Though reluctant to fight his friend, Robert agrees to the match only if Ed promises to quit boxing if he is knocked out in the first round. The fight is a sham—Robert quickly knocks Ed out. In the dressing room, an enraged Morgan assaults the defeated Ed with a brutal punch to the heart, killing him.

Robert is tried for manslaughter but is found innocent. Still wracked with guilt and haunted by Ed's death, Robert vows never to fight again. Helen blames Robert for her brother's demise and refuses to forgive him.

One day, Robert visits the Davis home and finds Morgan forcibly imposing himself on Helen. Enraged, Robert knocks Morgan down with a single punch, but Morgan quickly recovers and savagely beats Robert. Afraid to use his knockout punch again for fear of killing another man, Robert is defenseless.

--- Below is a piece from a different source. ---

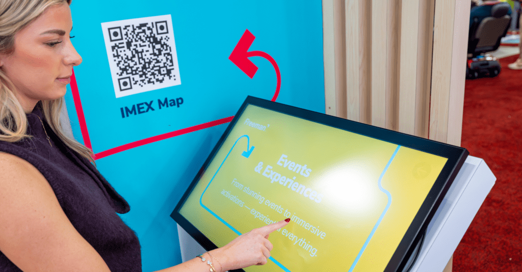 Interactive challenges, guided demos, or short surveys encourage attendees to spend time with your brand. Today’s plug-and-play touchscreens are user-friendly and don’t take up valuable space. Plus, letting attendees explore solutions at their leisure feels less like a sales pitch and more like play.

Morgan taunts Robert and demands he either fight or relinquish the world light heavyweight title. Tim Hogan, proud father and boxing legend, implores his son to fight once more before retiring. Robert reluctantly agrees.

On fight night, Robert is crippled by fear and guilt, allowing Morgan to dominate the first round. The Texas Kid, an arena roustabout who witnessed Morgan's cruelty to Ed, reveals Morgan's murderous attack to Helen. Fueled by righteous anger, Helen rushes to the arena and tells Robert the truth between rounds.

Freed from his fear and guilt, Robert mounts a fierce comeback. He lands a crushing uppercut that floors Morgan for the count. The referee declares Robert the winner, champion still undefeated and victorious.

At home, Tim Hogan proudly hangs Robert's portrait among the greatest champions in boxing history. Helen, now won over by Robert's courage and heart, promises to wear his ring forever, embracing the romantic champion she once despised.